Dataset items:
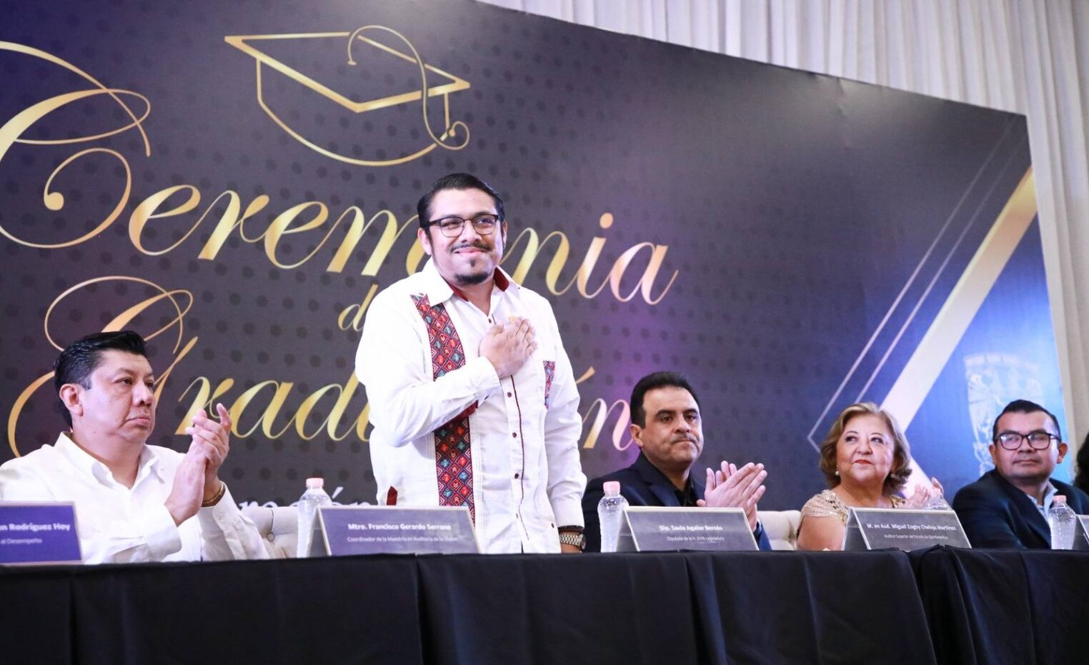 En su intervención, el diputado felicitó el logro alcanzado de las y los profesionistas, reconociendo el respaldo invaluable de sus familias para impulsarles a superar este reto académico.
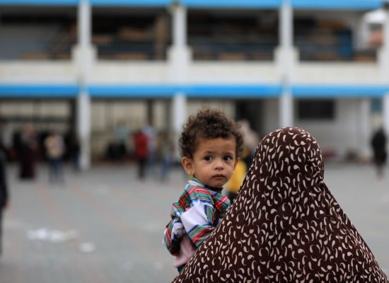 10月9日,一名婦女抱著小孩在加沙地帶南部城市汗尤尼斯的一所學(xué)校躲避以色列空襲。新華社發(fā)(亞西爾·庫(kù)迪攝)
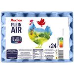 24 œufs de catégorie A de poules élevées en plein air (code commençant par 0 ou 1 sur l’œuf). Calibre moyen ou gros (mention indiquée sur le couvercle de la boite).
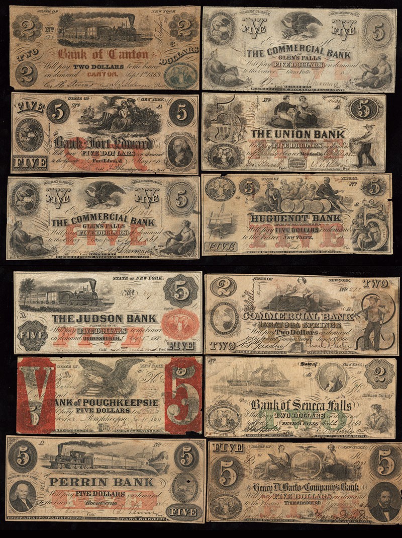 NY. Colorful Grouping of Counterfeit Obsolete Notes. 1) Bank of Canton. $2. 1863. (S5). About Fine, corner tip missing. 2) Bank of Fort Edward. $5. (S5a). VG detail, repairs. 3-4) Commercial Bank of Glen's Falls. $5. 1858; 1861. Both VG with repairs. 5) Union Bank of Monticello. $5. 1862. (C8b). Fine. 6) New Paltz. Union Bank. $5. 1861. (C6). VG. 7) Ogdensburgh. Judson Bank. $5. 1860. (S5). Fine. 8) Bank of Poughkeepsie. $5. 1861. (C66b). VG, small pieces out. 9) Rochester. Perrin Bank. $5. 1860. Small diamond cancel, crayon on back, else Fine. 10) Commercial Bank of Saratoga Springs. $2. 1860. (C4b). About Fine, small repaired edge splits. 11) Bank of Seneca Falls. $2. (S5). Fine detail, corner restored. 12) Trumansburgh. Henry D. Barto. $5. 1862. (S5). VG. [12]
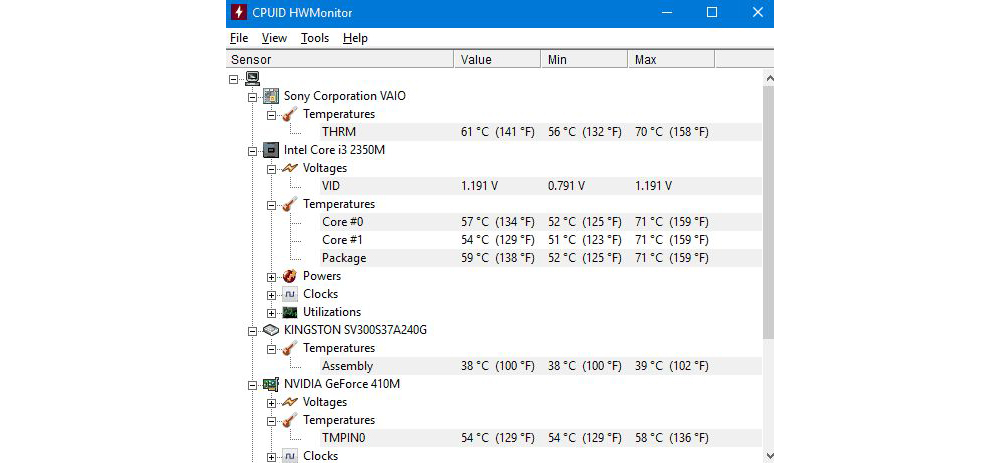 Отличное бесплатное ПО для проверки статуса аппаратных элементов ПК. Для просмотра температурных данных процессора достаточно установить утилиту, запустить, зайти во вкладку «Temperatures», расположенную в основном меню программы, – раздел «Sensor». Сведения о степени нагрева CPU отображаются в градусах Цельсия – параметр «Package». Можно узнать минимальную и максимальную степень нагрева ПК или ноутбука в столбцах «Min» и «Max», а также узнать текущее состояние в колонке «Value».
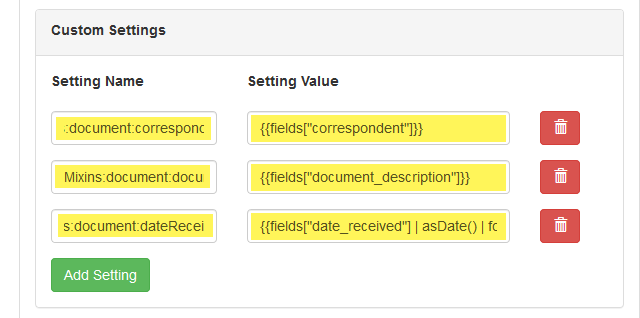 Each field will need to be added via the Add Setting button until all fields required for the Metadata Type have been added.
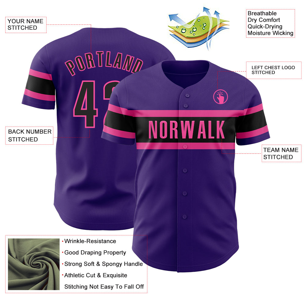 Custom Purple Black-Pink Authentic Baseball Jersey

■ Work to complete
Exercise for the records above: copy only the lines from the one with "10月9日,一名婦女抱著小孩" to the one with "24 œufs de catégorie", both ends kept, and drop the pictures.

■ Result of the task
 10月9日,一名婦女抱著小孩在加沙地帶南部城市汗尤尼斯的一所學(xué)校躲避以色列空襲。新華社發(fā)(亞西爾·庫(kù)迪攝)
 24 œufs de catégorie A de poules élevées en plein air (code commençant par 0 ou 1 sur l’œuf). Calibre moyen ou gros (mention indiquée sur le couvercle de la boite).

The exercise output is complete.